Con l’arrivo dell’estate cresce l’attenzione verso le creme solari, alleate indispensabili per proteggere la pelle dai danni causati dai raggi UV. Eppure non tutti i prodotti garantiscono le prestazioni promesse in etichetta. A evidenziarlo è un recente test di Altroconsumo che ha analizzato diverse protezioni solari viso SPF 50+, riservando una sorpresa inattesa.
La crema più famosa finisce all’ultimo posto
A ottenere il risultato peggiore è stata la Vichy Capital Soleil Crema Viso Vellutata SPF 50+, che ha totalizzato appena 13 punti su 100.
Secondo le prove di laboratorio, il livello di protezione effettivamente rilevato sarebbe risultato inferiore rispetto a quello dichiarato sulla confezione. In particolare, la protezione contro i raggi UVB corrisponderebbe a un SPF intorno a 30, lontano dal valore 50+ indicato dal produttore.
Una differenza che ha pesato in modo decisivo sulla valutazione finale, considerando l'importanza di una protezione adeguata durante l'esposizione al sole.
Le migliori creme secondo il test
A conquistare il primo posto è stata invece la Bilboa Ohi Vita-Mina Viso 50+, che ha ottenuto 70 punti su 100 e si è distinta anche per il rapporto qualità-prezzo.
Subito dietro si è classificata la Nivea Sun Fluido Quotidiano Invisible 50+, con un punteggio di 69 punti, confermando come prodotti più accessibili possano offrire prestazioni elevate.
Il test ha premiato soprattutto l'efficacia della protezione solare e la corrispondenza tra i valori dichiarati e quelli realmente misurati.
Attenzione anche agli ingredienti
L'indagine ha preso in esame anche la composizione delle formule.
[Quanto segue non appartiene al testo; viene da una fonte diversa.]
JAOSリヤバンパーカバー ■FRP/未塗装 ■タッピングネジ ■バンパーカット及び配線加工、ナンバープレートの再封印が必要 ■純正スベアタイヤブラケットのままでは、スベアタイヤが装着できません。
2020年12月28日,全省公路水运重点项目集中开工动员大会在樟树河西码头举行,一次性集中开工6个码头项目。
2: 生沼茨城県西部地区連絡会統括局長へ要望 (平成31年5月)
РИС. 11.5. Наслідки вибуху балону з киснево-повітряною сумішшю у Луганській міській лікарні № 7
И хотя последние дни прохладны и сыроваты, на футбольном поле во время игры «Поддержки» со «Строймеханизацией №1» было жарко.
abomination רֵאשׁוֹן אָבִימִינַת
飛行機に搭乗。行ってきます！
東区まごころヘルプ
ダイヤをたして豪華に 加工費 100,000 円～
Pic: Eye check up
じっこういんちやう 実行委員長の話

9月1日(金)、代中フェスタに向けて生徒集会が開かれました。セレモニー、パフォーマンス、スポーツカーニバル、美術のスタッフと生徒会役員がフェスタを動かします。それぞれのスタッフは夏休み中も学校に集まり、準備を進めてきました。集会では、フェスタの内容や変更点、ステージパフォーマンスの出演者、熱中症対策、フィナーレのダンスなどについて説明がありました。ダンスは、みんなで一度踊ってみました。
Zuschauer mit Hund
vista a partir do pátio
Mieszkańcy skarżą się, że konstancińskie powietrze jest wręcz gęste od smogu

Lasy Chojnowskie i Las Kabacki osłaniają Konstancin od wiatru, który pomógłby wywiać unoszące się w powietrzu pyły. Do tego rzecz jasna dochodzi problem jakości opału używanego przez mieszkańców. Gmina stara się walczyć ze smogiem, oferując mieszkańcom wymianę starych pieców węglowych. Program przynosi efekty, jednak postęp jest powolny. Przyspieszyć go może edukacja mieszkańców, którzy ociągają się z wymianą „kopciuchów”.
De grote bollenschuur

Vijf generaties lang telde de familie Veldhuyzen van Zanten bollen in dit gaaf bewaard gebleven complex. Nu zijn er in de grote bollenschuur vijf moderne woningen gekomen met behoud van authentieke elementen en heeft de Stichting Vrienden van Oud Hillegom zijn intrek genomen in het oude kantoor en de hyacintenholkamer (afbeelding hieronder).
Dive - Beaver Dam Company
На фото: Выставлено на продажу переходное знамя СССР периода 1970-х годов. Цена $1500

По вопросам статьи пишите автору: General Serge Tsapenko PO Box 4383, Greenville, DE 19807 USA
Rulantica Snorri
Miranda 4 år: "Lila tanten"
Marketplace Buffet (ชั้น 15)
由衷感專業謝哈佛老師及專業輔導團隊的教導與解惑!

Alcuni prodotti sono stati penalizzati per la presenza di ingredienti considerati controversi dalla comunità scientifica.
Tra questi figura l'ethylhexyl methoxycinnamate, un filtro UV finito più volte al centro del dibattito per possibili effetti sul sistema endocrino. Sebbene il suo utilizzo sia consentito dalla normativa europea entro specifici limiti, la sua presenza continua a essere oggetto di valutazioni e approfondimenti.
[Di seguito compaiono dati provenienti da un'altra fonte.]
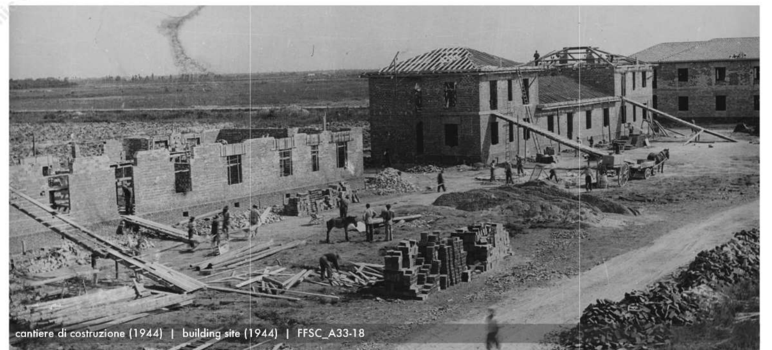
cantiere di costruzione (1944) | building site (1944) | FFSC_A33-18
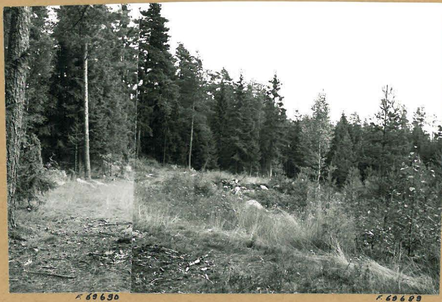
Kuva 1: Maisemakuva koekaivausalueesta. Kuvattu lännestä.
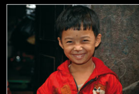
NEPAL von Jürgen Kircher
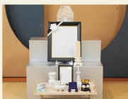
自宅後飾りセット
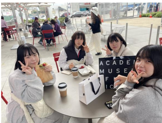
昼食はみんなでランチを購入して食べます。アメリカドルの使い方や、クレジットカードの使い方などを準備しておくとう安心ですね。
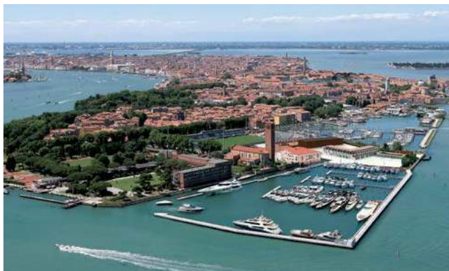
Isola di Sant'Elena Marina Santelena
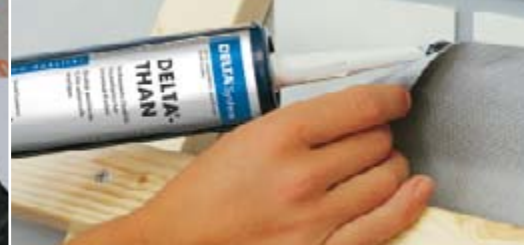
Winddicht durch integrierte Klebezonen.
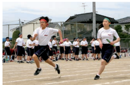
全生徒でバトンをつなぐ全員リレー

大運動会は同校で行われ、遠野中学校と花巻清風支援学校遠野分教室中学部の生徒計362人が熱戦を繰り広げました。新型コロナウイルス対策のため保護者の観覧を規制して開催された中、生徒らは競技や応援を通して絆を深めました。運動会や体育祭は市内各地の小中学校で開かれ、元気な声があふりました。
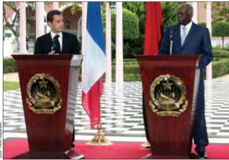
Nicolas Sarkozy com o Presidente angolano

A França e o Médio-Oriente: a criação de uma União Mediterrânea para reforçar as cooperações entre os países do Mediterrâneo.
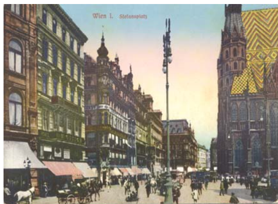
シュテファンプラッツ、1900年頃の絵葉書

伝統的な建造物の中に現代がうまく溶け込ませた実例の中で最も目を引くのは、ウィーンのシュテファン広場です。ここには、ゴシック様式のシュテファン寺院のすぐ隣に、1990年ポストモダンのパイオニアの一人、ハンス・ホラインの設計でハースハウスが建てられました。特に鏡面ガラスの出窓がこの建物に都市型建築のアクセントを与えています。そのため、長きに渡ってオーストリア戦後史の中で最も議論を呼んだ建築物でもありました。

Il nodo dell'impatto ambientale
Oltre alla protezione della pelle, resta aperta la questione ambientale. Molte creme solari continuano infatti a utilizzare ingredienti che possono avere effetti sugli ecosistemi marini.
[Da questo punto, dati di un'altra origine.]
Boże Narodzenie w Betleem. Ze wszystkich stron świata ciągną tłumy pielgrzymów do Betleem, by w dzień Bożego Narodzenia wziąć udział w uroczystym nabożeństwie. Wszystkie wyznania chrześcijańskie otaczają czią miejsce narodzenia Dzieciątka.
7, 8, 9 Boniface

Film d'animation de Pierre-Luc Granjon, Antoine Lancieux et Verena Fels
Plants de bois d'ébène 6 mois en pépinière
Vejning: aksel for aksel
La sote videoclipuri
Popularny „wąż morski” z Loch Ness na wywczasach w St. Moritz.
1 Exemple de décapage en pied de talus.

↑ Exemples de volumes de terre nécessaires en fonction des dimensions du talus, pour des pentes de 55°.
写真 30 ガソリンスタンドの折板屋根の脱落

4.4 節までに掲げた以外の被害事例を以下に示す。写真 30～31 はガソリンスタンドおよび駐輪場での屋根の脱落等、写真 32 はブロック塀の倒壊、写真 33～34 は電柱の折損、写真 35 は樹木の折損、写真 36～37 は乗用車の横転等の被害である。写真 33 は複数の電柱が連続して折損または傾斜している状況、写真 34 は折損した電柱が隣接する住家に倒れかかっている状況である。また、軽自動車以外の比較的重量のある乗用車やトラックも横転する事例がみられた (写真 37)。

Anche il packaging incide sul giudizio complessivo, soprattutto quando vengono utilizzati imballaggi superflui che aumentano la produzione di rifiuti.
Per questo motivo sempre più consumatori stanno orientando le proprie scelte verso prodotti che combinano efficacia, sicurezza e una maggiore attenzione alla sostenibilità.
Come scegliere la crema solare giusta
Il test conferma che prezzo elevato e notorietà del marchio non sono sempre sinonimo di qualità superiore. Prima dell'acquisto è utile verificare l'affidabilità della protezione dichiarata, leggere attentamente l'etichetta e valutare anche la composizione del prodotto.
Una scelta consapevole può fare la differenza non solo per la salute della pelle, ma anche per l'ambiente.